• [What to work on] Without including any picture, return the complete set of records exactly.

[Source data]
· · · · ·

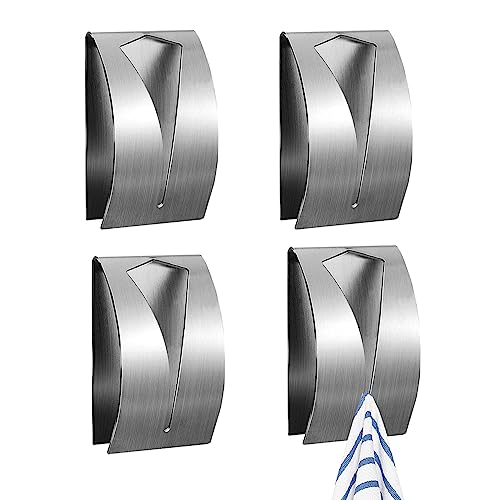 ANMEISH 4 Pcs Tea Towel Holders Self Adhesive,Grabber Stainless Steel Tea Towel Stick on Hooks,Sticky Wall Hooks for Hand Towel Holder Push and Grip,Kitchen Dish Towel Hanger for Bathroom (Silver)
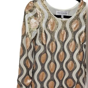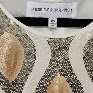 Dress the Population 'Cassandra' Sequin Shift Dress Sz XS Ivory, Copper and Silver/Gray.
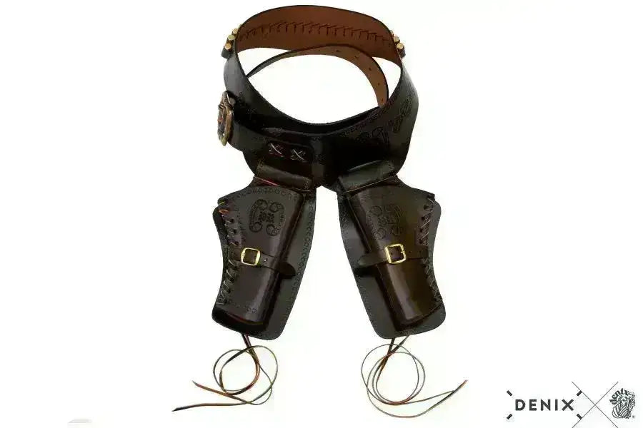 Denix Western belt with holster for both left and right side. Made of leather - top quality cowboy belt!
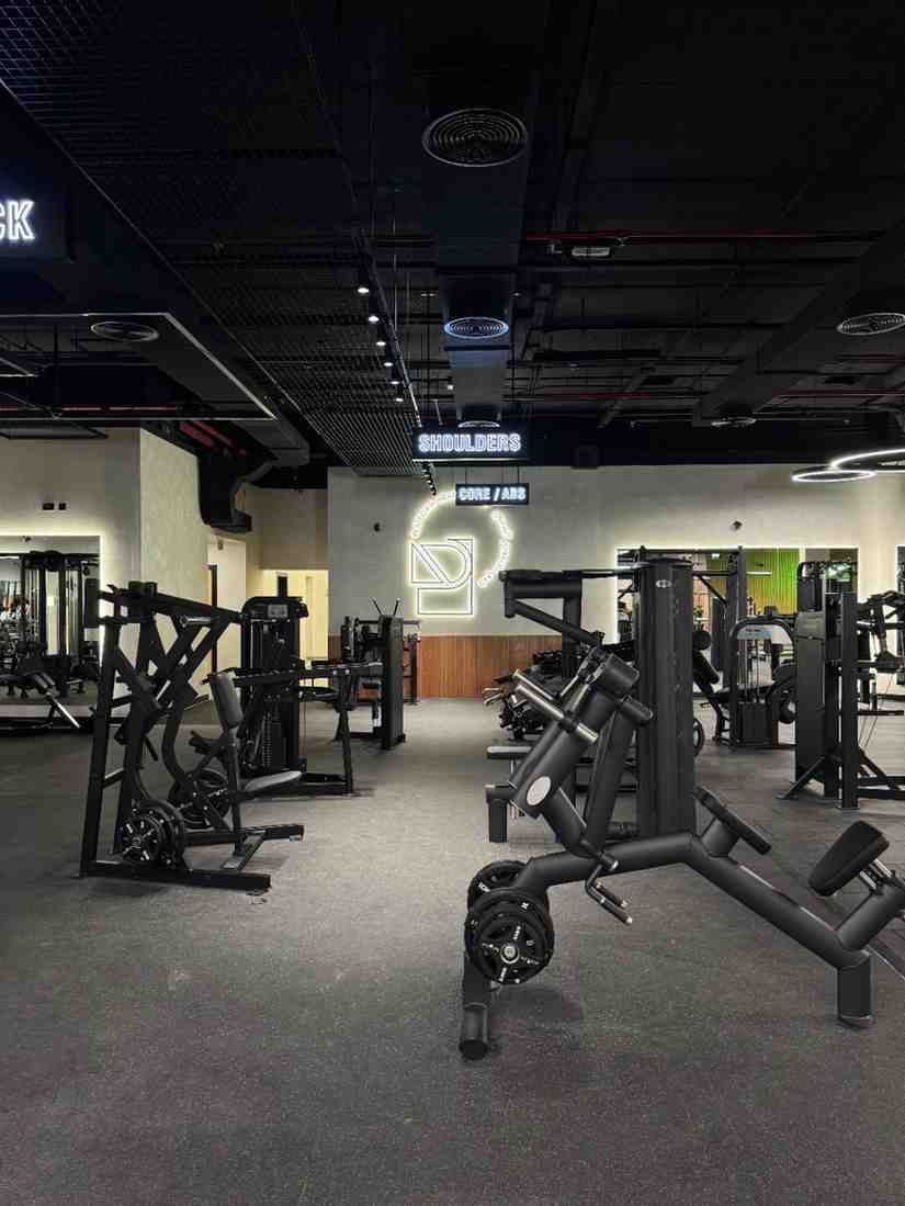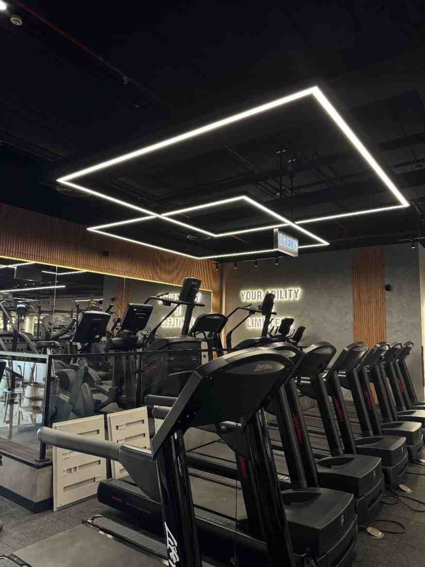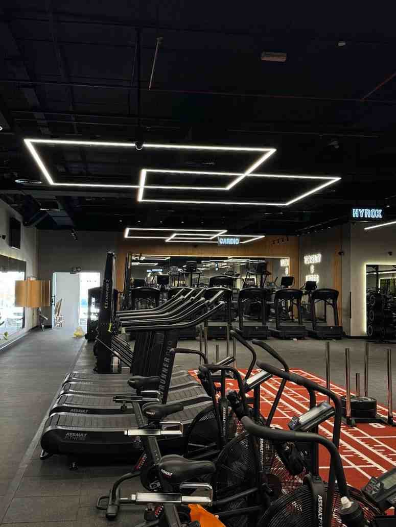 lighting to establish a strong visual rhythm throughout the gym. The interplay of
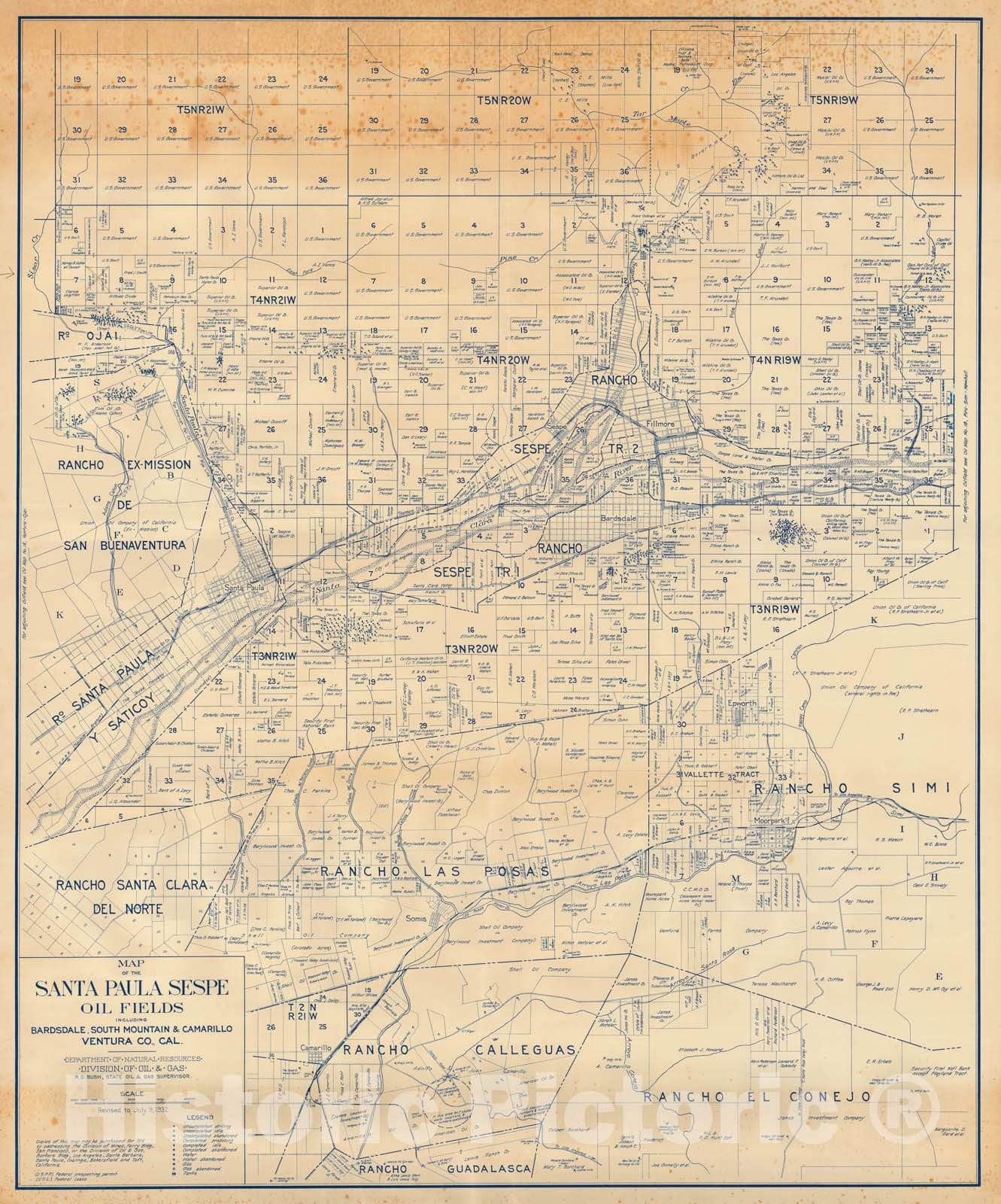 Historic Map - Map of the Santa Paula-Sespe Oil Fields, Including Bardsdale, South Mountain & Camarillo, Ventura County, California, 1920 - Vintage Wall Art
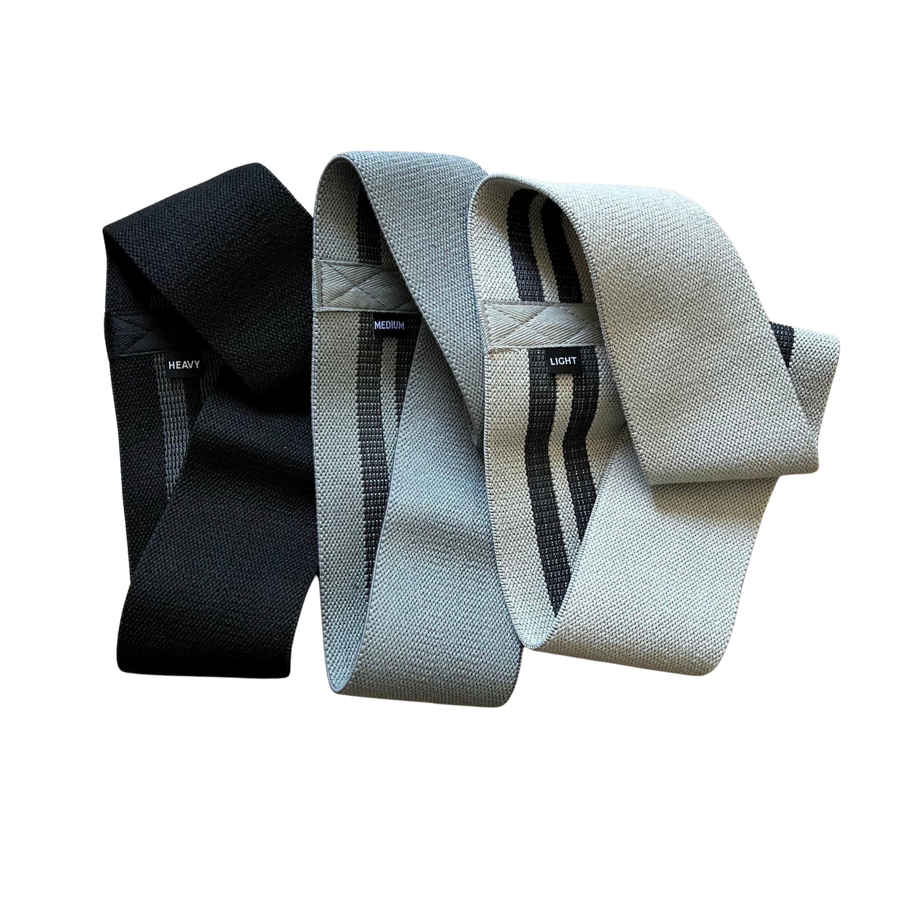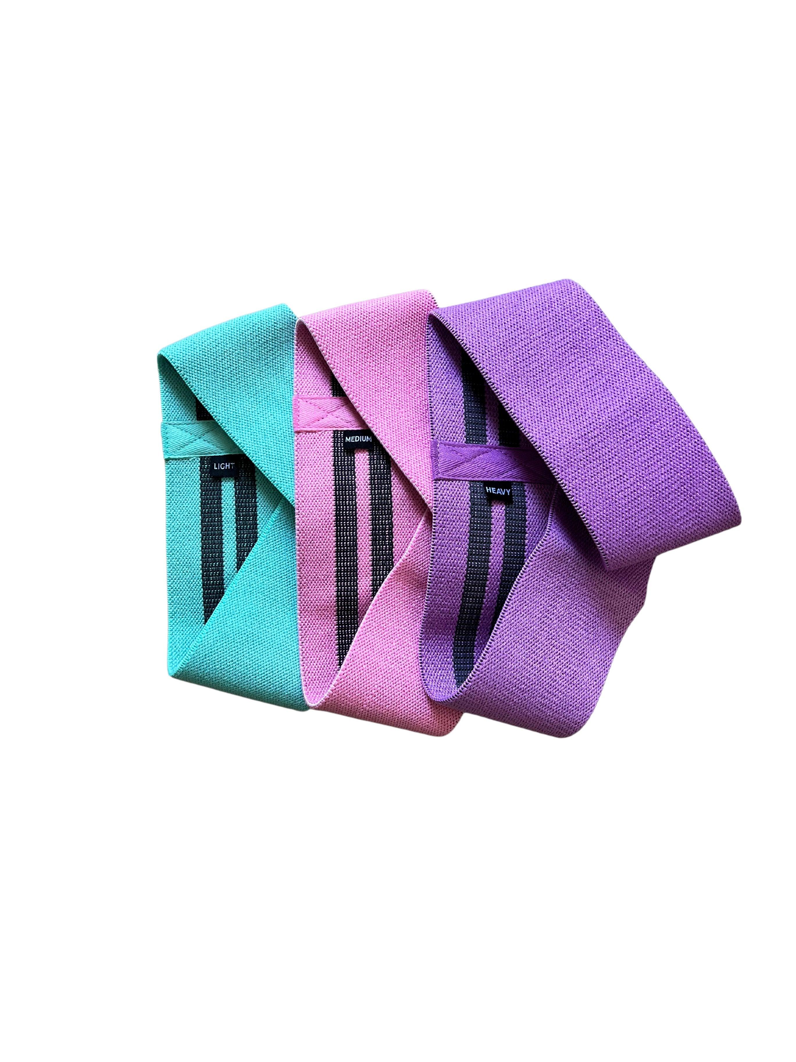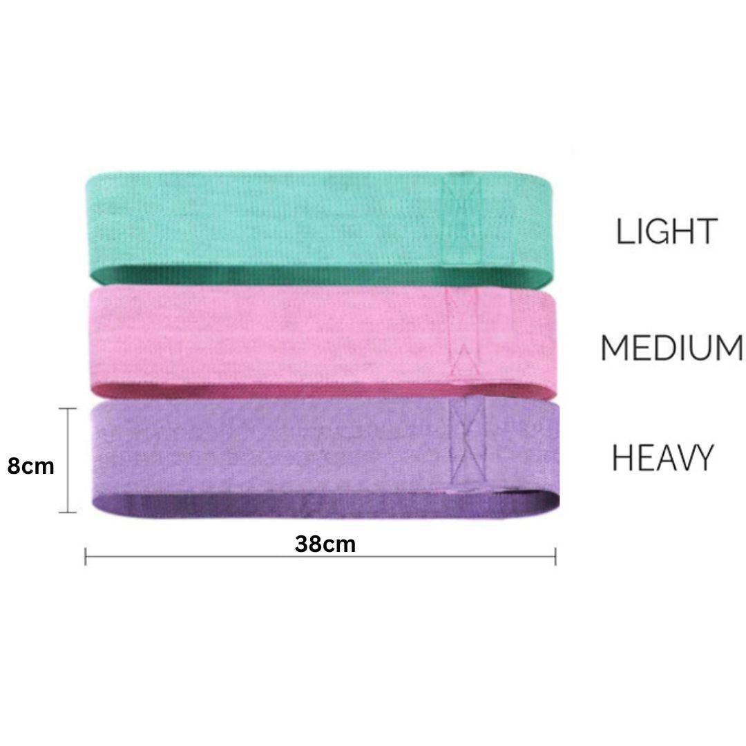 Set of 3 elastic bands, 38 cm long and 8 cm wide. Made of soft fabric with two anti-slip strips to keep the band in place during training.

· · · · ·

• [Written answer]
 ANMEISH 4 Pcs Tea Towel Holders Self Adhesive,Grabber Stainless Steel Tea Towel Stick on Hooks,Sticky Wall Hooks for Hand Towel Holder Push and Grip,Kitchen Dish Towel Hanger for Bathroom (Silver)
 Dress the Population 'Cassandra' Sequin Shift Dress Sz XS Ivory, Copper and Silver/Gray.
 Denix Western belt with holster for both left and right side. Made of leather - top quality cowboy belt!
 lighting to establish a strong visual rhythm throughout the gym. The interplay of
 Historic Map - Map of the Santa Paula-Sespe Oil Fields, Including Bardsdale, South Mountain & Camarillo, Ventura County, California, 1920 - Vintage Wall Art
 Set of 3 elastic bands, 38 cm long and 8 cm wide. Made of soft fabric with two anti-slip strips to keep the band in place during training.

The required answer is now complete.